2. Should Officer Liska be paid overtime for the Packer/Bear game overtime assignment under Section 6.03(3) of the Labor Contract because she was notified that she was being denied this overtime assignment "within 24 hours of the scheduled start of the assignment?"

The City would frame the issues as follows:

Did the City violate Sec. 6.06 of the Collective Bargaining Agreement when it denied Tracy Liska the opportunity to work overtime at the Packers game on September 19, 2004?

If so, what is the appropriate remedy?

The Arbitrator frames the issues as follows:

Did the City violate the Collective Bargaining Agreement when it denied Officer Tracy Liska the opportunity to work overtime at the Packers game on September 19, 2004?

If so, what is the appropriate remedy?

If not, should Officer Liska be paid call-in pay for the overtime assignment under Section 6.03(3) of the Labor Contract because she was notified that she was being denied this overtime assignment "within 24 hours of the scheduled start of the assignment?"

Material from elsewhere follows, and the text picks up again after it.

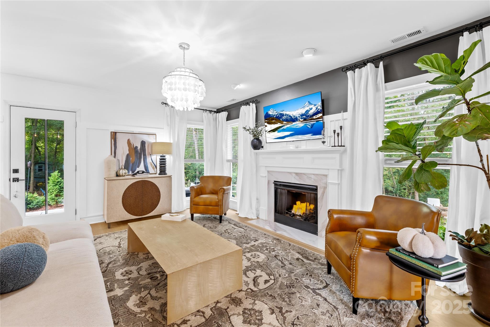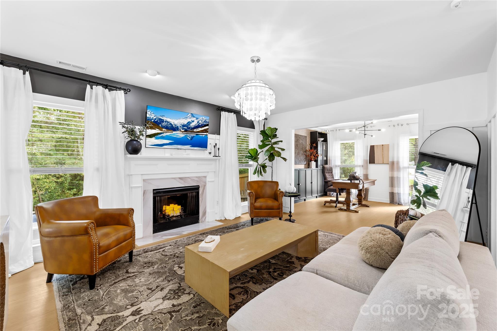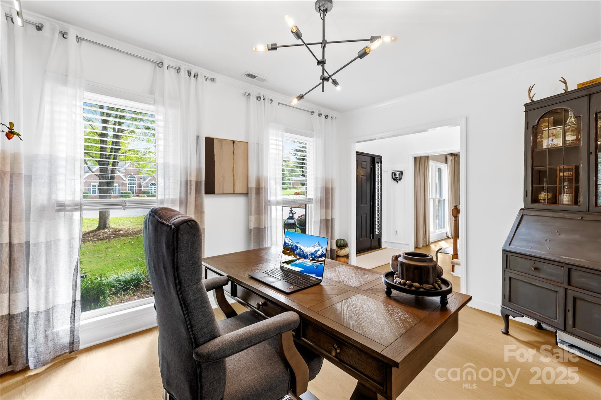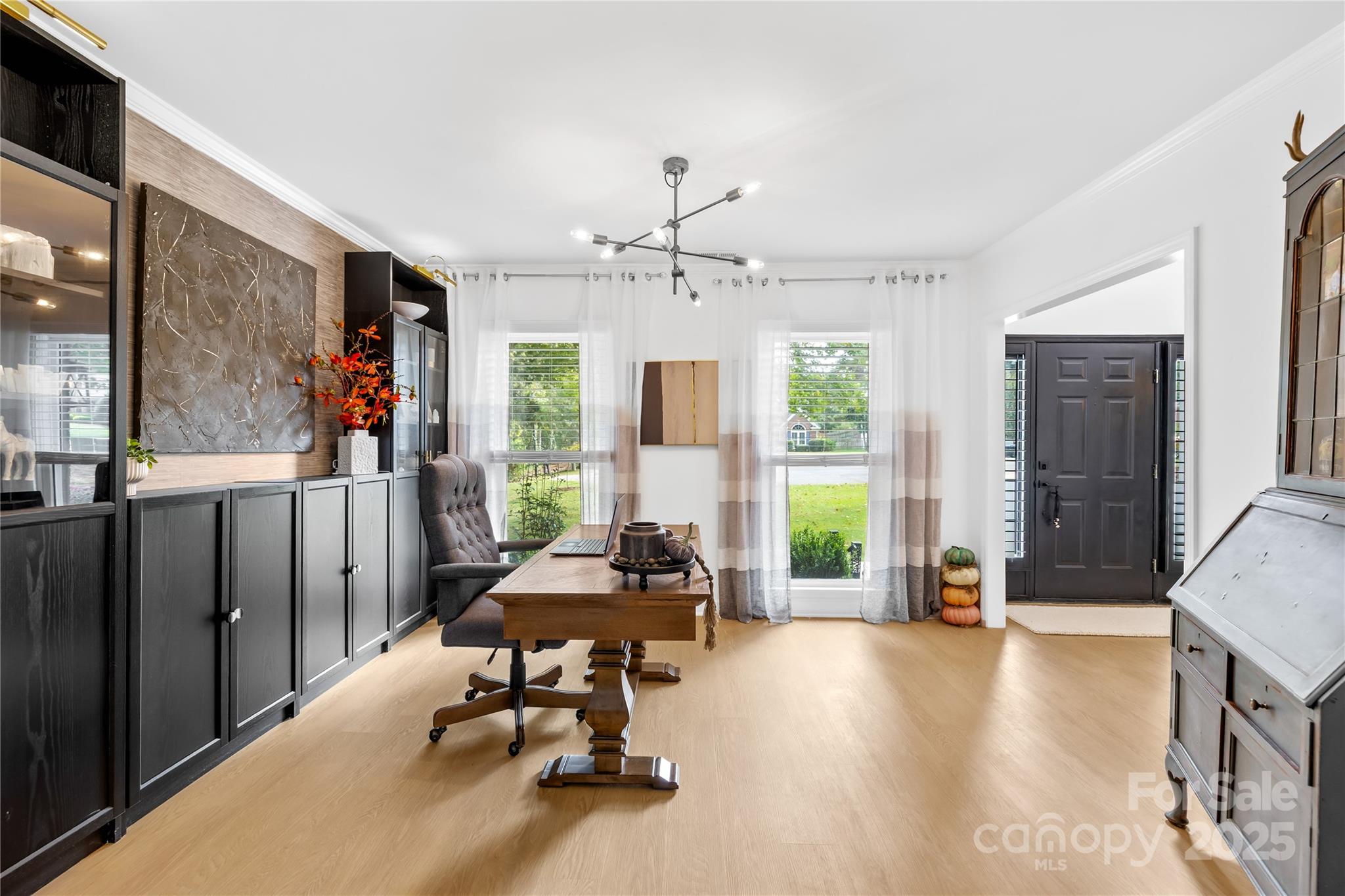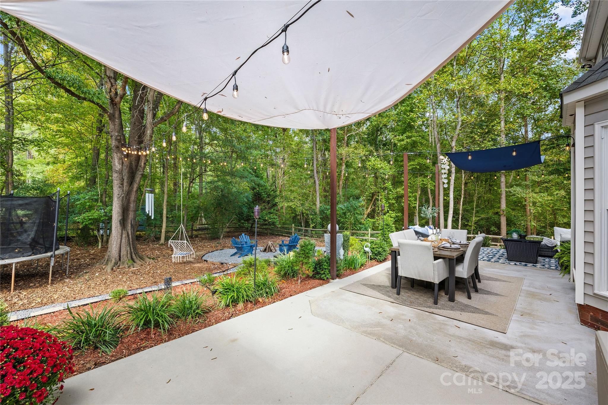 Welcome to your own private retreat in Franklin Grove! Nestled on a quiet cul-de-sac street in a picturesque community with a pond for fishing and steps from Dye Creek Greenway to Bellingham Park, this beautifully updated home offers the perfect blend of serenity, outdoor living, and modern design. The over 1/3 acre homesite is a nature lover’s dream—surrounded by mature trees and a peaceful creek that flows alongside the property. Follow the charming blue stone path to the water’s edge, unwind by the fire pit, or relax under the pergola and canopies while listening to the sounds of the creek. Entertain or dine alfresco on the extended patio accented by stone pathways, retaining walls, and bistro string lights that create an inviting evening glow. A wooden privacy fenced backyard, vegetable garden, and lush landscaping complete this tranquil outdoor escape. Inside, the home is equally impressive with thoughtful updates throughout. LVP flooring, designer light fixtures, and sleek black door hardware create a modern, cohesive look. A new back door and updated blinds on most windows complete the home’s refreshed aesthetic. In the family room, a gas fireplace with Italian ceramic tile surround serves as a striking focal point, while the living room/office showcases built-in cabinetry. The dining room features elegant chair rail and decorative wallpaper, adding warmth and sophistication to the space. A fully renovated kitchen steals the show with quartz countertops, a brick backsplash, new cabinetry and pantry cabinet, electric cooktop with vent hood, double wall ovens, under-cabinet lighting, and a walk-in butler’s pantry. Completing the main level, the half bath impresses with a new vanity, mirror, lighting, and accent wall. Upstairs, the primary suite feels like a sanctuary with a dramatic tray ceiling, custom board & batten feature wall, and a large walk-in closet with custom shelving and designer wallpaper. The primary bath offers dual vanities, a soaking tub with views of the wooded backyard, separate shower, and updated tile flooring, faucets, and fixtures. Secondary bedrooms are generous in size, including one with a custom accent wall and another oversized bedroom/bonus with a new closet door and ceiling fans. The hall bath was also remodeled with a new vanity, backsplash, mirror and tile flooring. Even the garage has been upgraded with an insulated door and abundant cabinetry for organized storage. The home is served by coveted Mooresville Graded Schools and offers unbeatable convenience— under 4 miles to Lowe’s Corporate, Duke Health Lake Norman Hospital, Harris Farms Shopping Center, Merino Mill and Downtown Mooresville with quick access to I-77. Every inch of this property has been enhanced with care and creativity. From the curated landscaping to the designer interiors, this home is more than move-in ready—it’s a lifestyle. Come experience the peace, charm, and character that make this property truly one of a kind.

PERTINENT CONTRACT LANGUAGE

ARTICLE 6. OVERTIME

6.01 OVERTIME PAYABLE. Employees will be compensated at the rate of time and one-half (1½) based upon their normal rate of pay for all hours worked in excess of the scheduled work day or work week. Overtime shall commence after 8½ hours on a regular workday or for hours worked outside the normally scheduled workweek. For purposes of calculating overtime, compensation for the hourly rate shall be based on a bi-weekly schedule of 75.6 hours and an annual schedule of 1964.5 hours. No change in the amount of overtime claimed by an employee shall be made unless the employee is notified of such proposed change within seven (7) days of the employee turning in an overtime card.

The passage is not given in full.